First, for its deterministic system (1.1), the local asymptotic stability of equilibria are obtained. Then for the stochastic system (1.2), we characterize the vegetation stability from both long-term and transient behavior perspectives. For the long-term behavior of vegetation, we obtain sufficient condition \({\mathscr {R}}_0^H>1\) for the existence and uniqueness of an ergodic stationary distribution \(\varpi (\cdot )\). This implies that the vegetation will be persistent when \({\mathscr {R}}_0^H>1\). Moreover, we define a quasi-endemic equilibrium \({\overline{D}}^*\) of system (1.2). A novelty of this paper is that it theoretically derives an approximate expression (4.8) of the probability density function of the distribution \(\varpi (\cdot )\) around the equilibrium \({\overline{D}}^*\), and it has numerically shown that the local approximate density function \({\mathbb {k}}(\cdot )\) in (4.8) has a good global fitting effect for the density function of the distribution \(\varpi (\cdot )\) under some small stochastic noises (see Figs. 79, 15). For the transient behavior of vegetation, we establish sufficient condition \({\mathscr {R}}_0^E<1\) for the exponential extinction of vegetation. Another novelty of this paper is that it derives the exact expression of the probability of vegetation extinction at any given time under \({\mathscr {R}}_0^E<1\).
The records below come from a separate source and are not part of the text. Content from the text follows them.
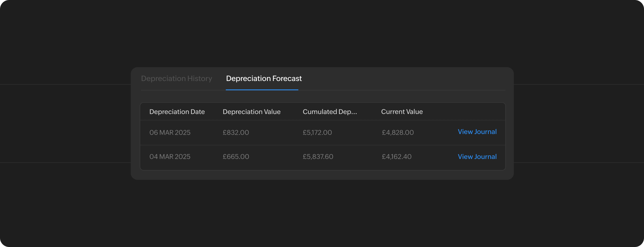 Visualize asset depreciation trends over time with intuitive charts.
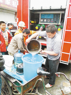 4月20日四川省雅安市芦山县7.0级地震发生后,芦山县城群众用水困难,四川省南充市消防支队官兵在积极营救被困群众的同时,利用消防车为灾区群众送去了生活用水,帮助他们渡过难关。
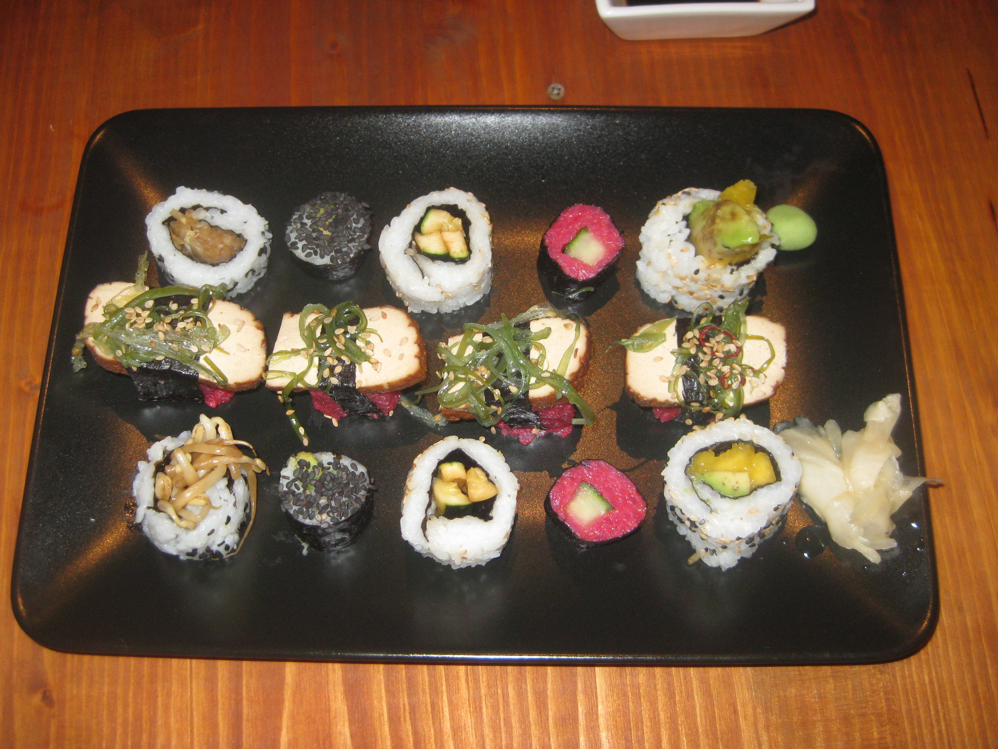 I love sushi!  This year I was bold enough to make my own on several occasions, which is just as well because I didn’t have it in restaurants that often.  This all-vegan sushi restaurant in Vienna was fantastic.  There were lots of different kinds, all of them delicious.  It was also a cozy little place, pretty quiet in the early evening, and a nice laid back place to eat after a day on the go.

Moreover, the maximum vegetation extinction time \(t_{\epsilon }^{(1-\delta )}\) in the sense of at least probability \(1-\delta \) is obtained, and its rationality is verified based on some actual data from semi-arid ecosystems. Finally, both the theoretical results and numerical simulations show that the stochastic noises have a negative effect on vegetation density and stability, and may even lead to vegetation extinction. Thus, in practical terms, it is necessary to measure the environmental noise intensity to better monitor vegetation state and provide some effective strategies to maintain vegetation stability (via Theorems 3.14.15.1).
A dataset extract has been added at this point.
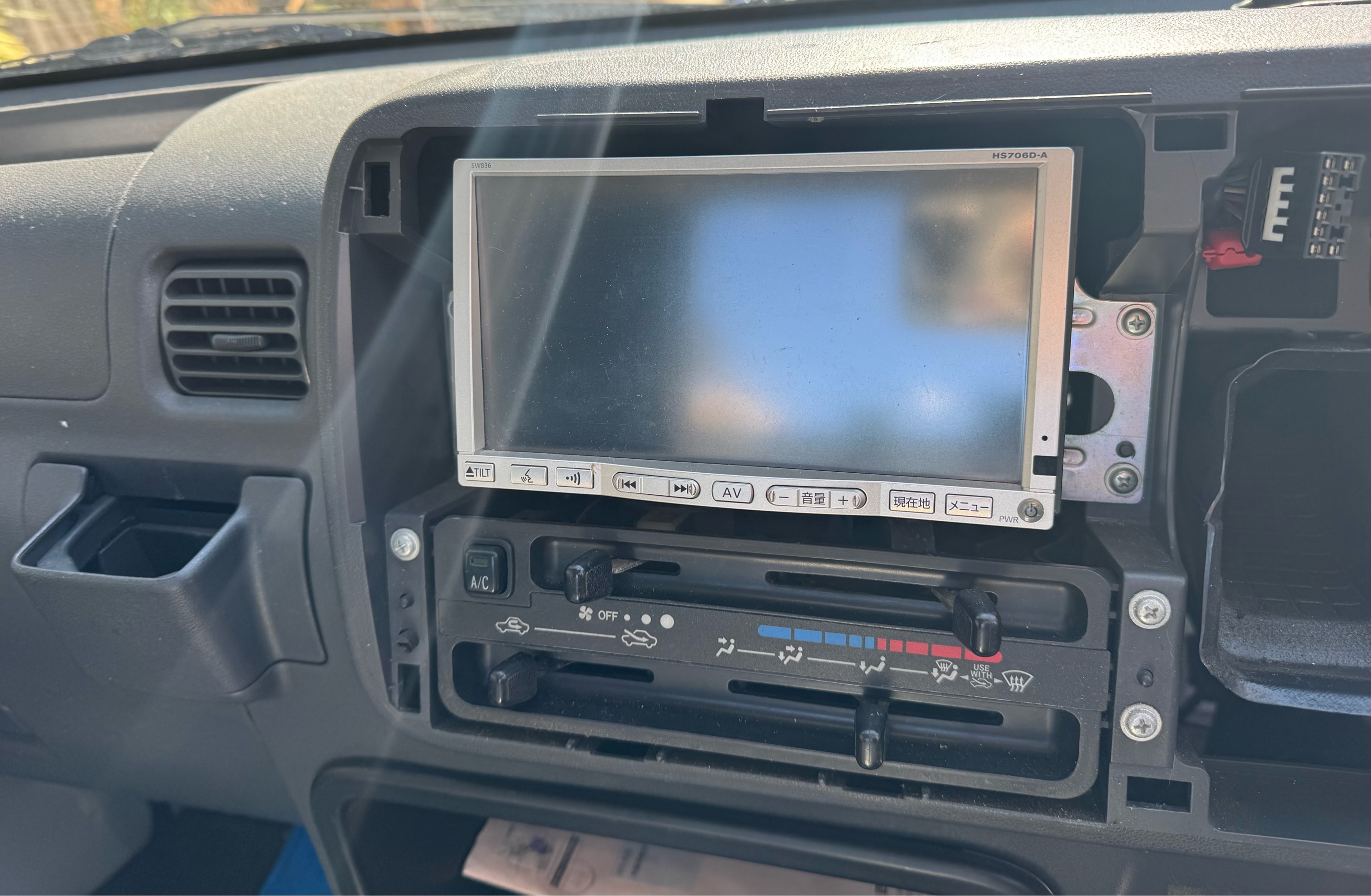 今日も仕事の合間に自分の作業です。最近、右スピーカーの音割れとナビ画面のクリア剥がれが気になっていたのでナビとスピーカーを交換します。ナビは日産 MG22S モコ純正オプションナビHS706D-Aでした。日産ですがスズキからのOEMなのでスズキカプラーですがトヨタ、ダイハツ変換カプラーを使い付けていました。スピーカーはカロッツェリアの10cm コアキシャルスピーカーでした。交換準備に入ります。取り付けするナビはケンウッドのMDV-X702です。使っていたナビの地デジアンテナなど全て外して次のナビの地デジアンテナなど配線を引き回します。軽トラの場合、Aピラーにカバーがないので配線の取り回しに悩みます。今まではゴムのモールを使っていました。このモールは中が空洞なので配線を中に入れて両面テープでピラー部分に貼っていましたが今回からは配線カバーとフレキシブルジョイントを買ってきました。オプションでも似たものがありますが金額が結構高いんです。配線カバーとフレキシブルジョイントを2個づつ購入して1300円くらいでした。実際に付けるとこんな感じでスッキリします。長さを合わせて切るのが面倒です。ナビの取り付けが完了して最後にスピーカーを交換して作業終了です。スピーカーはキッカーの10cmコアキシャルスピーカーDSC4です。

Several remaining interesting but challenging issues deserve further consideration. First, a value gap exists between the parameters \({\mathscr {R}}_0^H\) and \({\mathscr {R}}_0^E\). In other words, for some sets of parameters satisfying neither Theorem 3.1 (\({\mathscr {R}}_0^H>1\)) nor Theorem 5.1 (\({\mathscr {R}}_0^E<1\)), the dynamical behavior of vegetation of system (1.2) is unknown. Thus, we need to explore other effective ways to close this value gap in the future. Second, the numerical simulations show a good global fitting effect of the local approximate density function \({\mathbb {k}}(P,W,S)\) for some small stochastic noises. For better practical application, we need to investigate the continuous dependence on small stochastic noises of solution for Fokker–Planck equation, to obtain the global approximation error between \({\mathbb {k}}(P,W,S)\) and the realistic density function of the distribution \(\varpi (\cdot )\) for the same initial distribution. This work is currently underway. Certainly, for some large stochastic noises, the corresponding approximate density function with good fitting effect should also be investigated and constructed. Furthermore, it is interesting to introduce other types of stochastic noise, such as impulsive perturbations (Zhang et al. 2020a; Wang et al. 2014), mean-reverting Ornstein–Uhlenbeck processes (Pan et al. 2022; Zhang and Yuan 2021; Zhao et al. 2015), colored noises (Zhang et al. 2020; Zhou et al. 2021), into system (1.2). The motivation is that the dynamics of vegetation may encounter sudden environmental changes and human interventions (Pan et al. 2020). To this end, based on the actual situation of different arid ecosystems, the corresponding vegetation–water system with suitable type of stochastic noise should be established and analyzed, and that is one of our future research directions.